What Trump’s ‘Groundhog Budget’ Reminds Us About Global Health Trends

by Karl Hofmann, President & CEO, PSI

The Trump Administration’s just-released 2019 budget blueprint was depressingly similar to its 2018 offering.  It’s Groundhog Day all over again.

President Trump stuck his head up, cast a budget shadow, and the US Government budget has to endure six more weeks of winter.

Surprisingly, the 2019 proposal contains some relative improvements over 2018.  For example, rather than zeroing out support for international family planning and unilaterally ending America’s leading role in helping women and families plan the families they desire, Trump this year proposed over $300 million for this account.  It’s less than half what the Obama Administration and previous budgets approved – but I guess we can take this “half a loaf” gesture as progress.  Sort of.

Thankfully, like last year, I expect the bipartisan consensus in the US Congress which is largely in favor of US global engagement, including US investments in global health, to prevail.  The 2019 Trump budget is again “dead on arrival” on Capitol Hill.

The deeper reality remains what last year’s Trump budget gave us:  a wake-up call.

Here are three Trump-era trends we shouldn’t ignore.

1. The global South will cover more of its health expenditures; the North and global institutions will cover less.

It’s time to plan for a future where global health spending comes from a wider variety of sources, including where appropriate from consumers themselves, and from domestic resources raised by host governments for global health programs.  The traditional bilateral funders will be less important in the future.

U.S. Agency for International Development (USAID) Administrator Mark Green recently said, “I believe the purpose of foreign assistance should be ending its need to exist.” Similarly, the new head of the UK’s DFID, Penny Mordaunt, recently argued for developing countries to do more to fund their own health priorities. “I want the governments of developing countries to step up and take responsibility for investing in their own people, in healthcare or education, for example,” she said. “If it chooses not to, that will inform our decisions.”

Together, the two largest bilateral aid agencies are pushing to accelerate global health toward a self-reliance model – one where developing countries have more skin in the game and make substantial investments to wean themselves off aid.
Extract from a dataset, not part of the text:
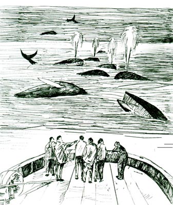 “挑战者”号在南极附近海域发现鲸群在周围喷起水柱

The health consumer in developing countries will receive less subsidy and will cover more of her own health needs.  Fortunately, in many parts of the global South, her financial outlook is getting better.

2. We better listen to youth when thinking about their contraceptive needs.

The largest cohort of young humans ever are entering their reproductive ages and making health choices that will shape their lives, their families’ lives – and all our lives.  We had better be creative about how to meet this new demand, and old recipes may not suffice.  The stakes are high for all of us.

Even as we cheer sustained investments in “family planning,” it’s time to recognize that term is severely limiting for the people we are trying to reach.  Young people everywhere are more interested in contraception that’s relevant and accessible, rather than family planning in a clinic setting.

Furthermore, as note to President Groundhog, contraception is just about the most cost-effective global health investment if we aim to save women, give kids a healthier start, reduce abortions, and grow the productive workforce.  Let’s hope spring comes soon.  Enough of the short-sighted budget winter for the small but mighty global health accounts.

3. New technologies can effectively put more care and control directly in health consumers’ hands, even in the least developed parts of the world – but regulatory and funding hurdles need to be overcome.

The introduction to HIV self-testing in many countries in Africa is helping people learn their HIV status in a way that works for them: on their own, with access to information and referrals.  Much as home pregnancy tests put more information directly in the hands of women, HIV self-testing can help millions more know their status faster, but regulatory obstacles remain in many countries.  Self-administered long-acting contraception through tools such as Pfizer’s Sayana ® Press could help unblock access to this vital and women-powered therapy, but funding gaps and administrative obstacles persist.  If new diagnostic and therapeutic technologies, plus access to online information and referrals, are to have the positive disruptive effect they promise on universal health coverage, we need to get out of their way.